Debevoise & Plimpton, which was one of the last law firms with a single group of partners, has created a second tier that will primarily pay in salaries rather than equity.
The firm’s partnership voted to create the new tier, the firm said in an email Monday. Debevoise partners will fall into one of two categories moving forward: those who receive shares of the firm’s profits and those paid primarily through a salary.
The “non-equity"—or “salary"—designation allows firms to offer lawyers the title of partner while reserving shares of the firm’s equity for the most profitable attorneys.
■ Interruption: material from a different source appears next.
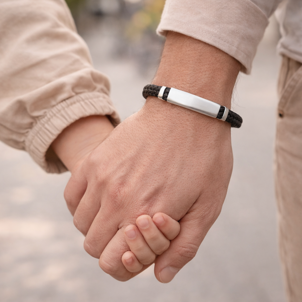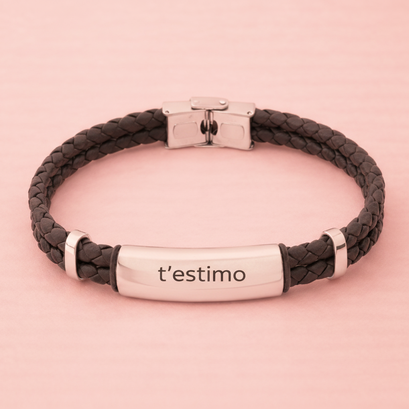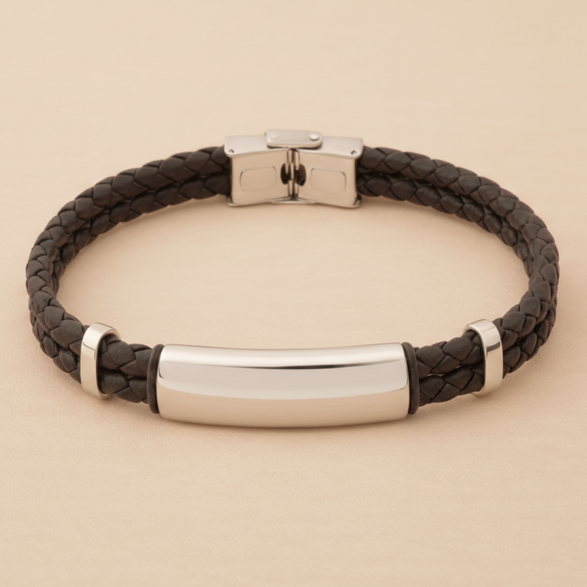Es una pulsera fuerte, masculina y con carácter, diseñada para acompañar el ritmo del día a día. Su doble cordón trenzado le aporta resistencia y estilo, mientras que su placa central de acero permite grabar ese nombre, fecha o palabra que lo dice todo.

Despite their salary-based income and 0% ownership share of the firm, non-equity partners often face the same financial burdens as their equity counterparts, such as sharing their firm’s state tax liabilities and having to pay their own Social Security and Medicare taxes.
Firms including Paul Weiss Rifkind & Wharton & Garrison, Cravath Swaine & Moore, Cleary Gottlieb Steen & Hamilton and WilmerHale have already moved to add two tiers of partners in recent years by recruiting and promoting lawyers into their so-called non-equity partner ranks.
The number of non-equity partners in the Am Law 200 nearly overtook the number of equity partners last year, according to data by the American Lawyer. The nearly 50-50 ratio has non-equity partners amounting to 30,709 of the 62,103 partners reported in 2024.
A small contingent of firms in the Am Law 100 have held out without a non-equity tier, including Jones Day, Ropes & Gray and Skadden, Arps, Slate, Meagher & Flom—though partners at Skadden are considering adding one, Bloomberg Law previously reported.
Representatives of Debevoise didn’t immediately return requests for further comment. The American Lawyer earlier reported the Debevoise change.